GIP Contributes to Islet Trihormonal Abnormalities in Type 2 Diabetes

Abstract

Research and clinical treatments on type 2 diabetes mainly focus on insulin deficiency with little attention paid to other islet hormones. This study tested the hypothesis that glucose-dependent insulinotropic polypeptide (GIP) is involved in diabetes-associated multiislet hormone dysregulation. This paper included a case-control study involving 92 community-based volunteers from the Baltimore Longitudinal Study of Aging (BLSA): 23 with type 2 diabetes on glucose-lowering agents, 25 with newly diagnosed drug-naïve type 2 diabetes, 19 with prediabetes, and 25 with normal glucose tolerance; a separate intervention study with 13 non-BLSA volunteers with type 2 diabetes treated with diet alone, metformin, and/or metformin/sulfonylurea combination; a rodent study; and an in vitro cell line study. An oral glucose tolerance test was performed in the BLSA participants. For the intervention study, saline (0.9% NaCl) or synthetic human GIP (20 ng · kg(-1) · min(-1)) was administered to type 2 diabetes subjects for 180 minutes together with a meal, and plasma samples were obtained at predetermined intervals for 360 minutes. A bolus of GIP or placebo was given to C57BL/6 mice. Plasma glucose, insulin, glucagon, pancreatic polypeptide (PP), glucagon-like peptide-1 (GLP-1), and GIP were measured. After an oral glucose tolerance test, glucose, glucagon, PP, GLP-1, and GIP levels were significantly elevated in type 2 diabetes groups, compared with normal and prediabetes groups.
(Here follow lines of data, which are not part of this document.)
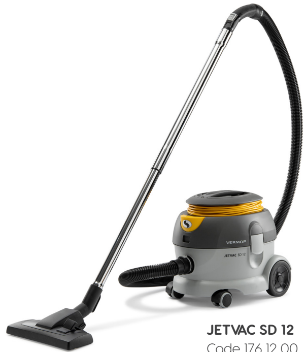
JETVAC SD 12 Code 176 12 00

With 700 watts of input power and a 6-fold filter system, our JETVAC SD 12 generates a vacuum of 22 kPa and ensures consistently excellent suction power even with a well-filled dust bag. Two rubber wheels and two castors ensure smooth running and enormous manoeuvrability. The low center of gravity of the vacuum cleaner also makes it very stable.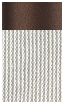
BRONZE FRAME CANVAS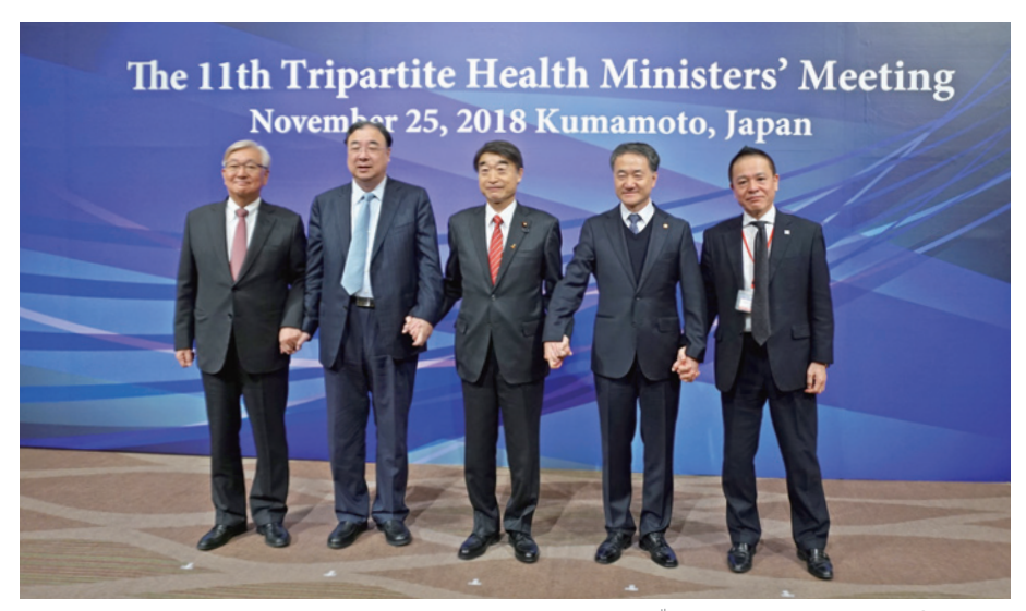
11th Tripartite Health Ministers' Meeting

The 11<sup>th</sup> Tripartite Health Ministers' Meeting was held in Kumamoto, Japan on November 24-25, 2018. The three ministers reviewed the achievements in the past 10 years under the Tripartite Health Ministers' Meeting and exchanged their views toward future cooperation. At the meeting, an active discussion was conducted on three main agendas including 1) infectious disease preparedness and response, 2) healthy aging and non-communicable diseases (NCDs), and 3) universal health coverage (UHC) and disaster health risk management. The meeting adopted the "Joint Statement of the Eleventh Tripartite Health Ministers' Meeting" and was followed by the press conference.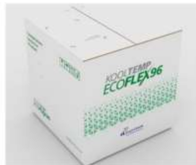
Step 5: Fold in the original outer flaps. Fold in the remaining flaps with return.

GIP infusion in type 2 diabetes subjects was associated with significantly elevated PP levels compared with placebo. The GIP bolus given to C57BL/6 mice was followed by increased PP levels. GIP receptors were found in both human and mouse PP cells. Up-regulation of GIP production may play an important role in multihormonal dysregulation in type 2 diabetes, most likely through interaction with GIP receptors on islets.